## Your assignment
Return the listing below exactly. Leave its pictures out.

------ Information shown

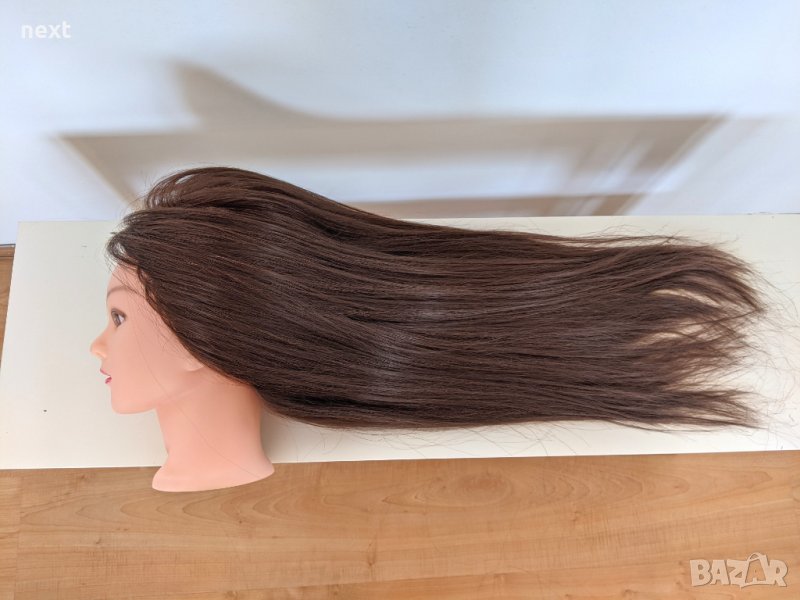 + НОВ манекен с ЕСТЕСТВЕНА коса за фризьорско обучение (тренировка) + СТОЙКА и фризьорски АКСЕСОАРИ
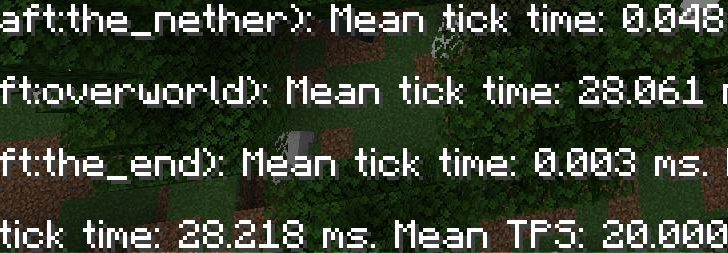 Ниже приведен краткий тест с использованием forge tps. Это было сделано путем добавления около 200 овец в мир и отслеживания разницы во времени тиков.
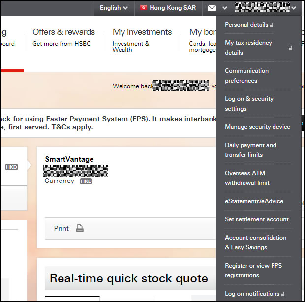 個人設定:口座名義をクリックするとメニューが表示されます。パスワードや各種設定などはこちらから。
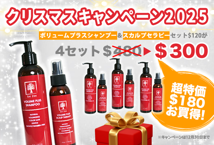 SAI ZENシリーズは、自然の恵み・ハーブをふんだんに使用した、自然派頭皮ホームケアプロダクトです。人間が本来持つ自然治癒力を高めて、健康で強い髪を作る頭皮に改 善し、さらにその状態を持続できるように頭皮のバランスを整えていきます。頭皮を最 も良い状態に保つことで、新陳代謝がアップし、驚くほどの髪のボリュームとコシを取り戻します。 地肌が弱く、肌荒れや抜け毛に不安を持つ方でも、安心して使える自然派頭皮ホームケアプロダクトです。

------------

## Reply to the task
 + НОВ манекен с ЕСТЕСТВЕНА коса за фризьорско обучение (тренировка) + СТОЙКА и фризьорски АКСЕСОАРИ
 Ниже приведен краткий тест с использованием forge tps. Это было сделано путем добавления около 200 овец в мир и отслеживания разницы во времени тиков.
 個人設定:口座名義をクリックするとメニューが表示されます。パスワードや各種設定などはこちらから。
 SAI ZENシリーズは、自然の恵み・ハーブをふんだんに使用した、自然派頭皮ホームケアプロダクトです。人間が本来持つ自然治癒力を高めて、健康で強い髪を作る頭皮に改 善し、さらにその状態を持続できるように頭皮のバランスを整えていきます。頭皮を最 も良い状態に保つことで、新陳代謝がアップし、驚くほどの髪のボリュームとコシを取り戻します。 地肌が弱く、肌荒れや抜け毛に不安を持つ方でも、安心して使える自然派頭皮ホームケアプロダクトです。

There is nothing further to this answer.